Obviously, replace yourname and all the other placeholders to your informations.

Once you are done, start Authelia with:

$ sudo systemctl start authelia

and open your browser at "http://localhost:9091"

In case of errors, you can have more informations in the log, via:

$ sudo journalctl -u authelia

Step 3: Setting up the HTTPS part

Since Authelia displays a login/authentication page, it must be run on an encrypted transport channel to avoid man in the middle (MITM) attacks.

It will not start until this is set up correctly.

As usual with HTTPS, to start a TLS connection, you need a certificate. The easiest solution is to use Let's Encrypt or ZeroSSL with its certbot tool to automate fetching and renewing the certificates. This isn't a tutorial on setting up HTTPS, so I'm listing the steps to perform with a NGINX reverse proxy, feel free to customize if you're using another reverse proxy for HTTPS.

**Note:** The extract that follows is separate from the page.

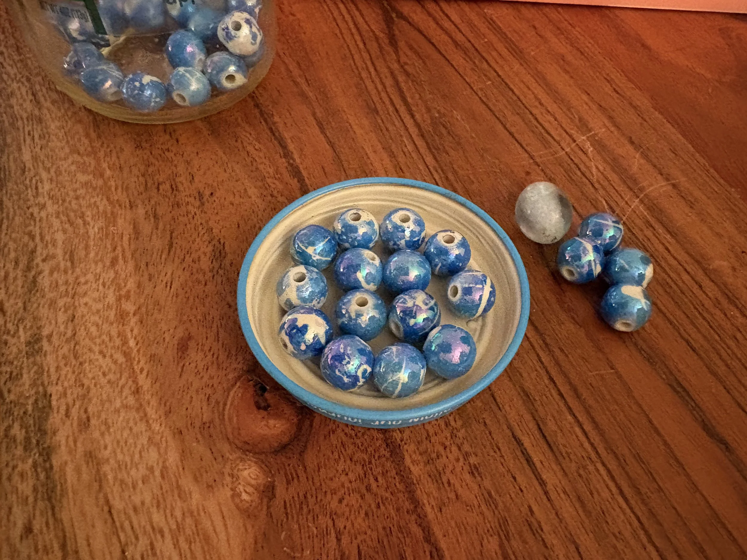 108 beads of a comfortable size made from whatever material speaks to you and will amplify your intention. When I purchased my beads, from the big craft store here, the selection was very limited and I felt pressured to get wood beads as that is what you see most often. However, when I spotted these bright shining blue beauties I knew that they were the ones. Thought not of a traditional material- I feel the suit my intentions in their own way.

You'll create a file in /etc/nginx/sites-available/auth.myhome.com containing:

server {
    server_name auth.myhome.com;
    listen 80;
    return 301 https://$server_name$request_uri;
}

server {
    server_name auth.myhome.com;
    listen 443 ssl http2;

    ssl_certificate /etc/letsencrypt/live/myapp.myhome.com/fullchain.pem; # managed by Certbot
    ssl_certificate_key /etc/letsencrypt/live/myapp.myhome.com/privkey.pem; # managed by Certbot
    ssl_session_cache shared:SSL:2m;

    location / {
        set $upstream_authelia http://127.0.0.1:9091;
        proxy_pass $upstream_authelia;

        client_body_buffer_size 128k;

        #Timeout if the real server is dead
        proxy_next_upstream error timeout invalid_header http_500 http_502     http_503;

        # Advanced Proxy Config
        send_timeout 5m;
        proxy_read_timeout 360;
        proxy_send_timeout 360;
        proxy_connect_timeout 360;

        # Basic Proxy Config
        proxy_set_header Host $host;
        proxy_set_header X-Real-IP $remote_addr;
        proxy_set_header X-Forwarded-For $proxy_add_x_forwarded_for;
        proxy_set_header X-Forwarded-Proto $scheme;
        proxy_set_header X-Forwarded-Host $http_host;
        proxy_set_header X-Forwarded-Uri $request_uri;
        proxy_set_header X-Forwarded-Ssl on;
        proxy_redirect  http://  $scheme://;
        proxy_http_version 1.1;
        proxy_set_header Connection "";
        proxy_cache_bypass $cookie_session;
        proxy_no_cache $cookie_session;
        proxy_buffers 64 256k;

        # If behind reverse proxy, forwards the correct IP
        set_real_ip_from 10.0.0.0/8;
        set_real_ip_from 172.0.0.0/8;
        set_real_ip_from 192.168.0.0/16;
        set_real_ip_from fc00::/7;
        real_ip_header X-Forwarded-For;
        real_ip_recursive on;
    }
}

Change to your domain name in the file above.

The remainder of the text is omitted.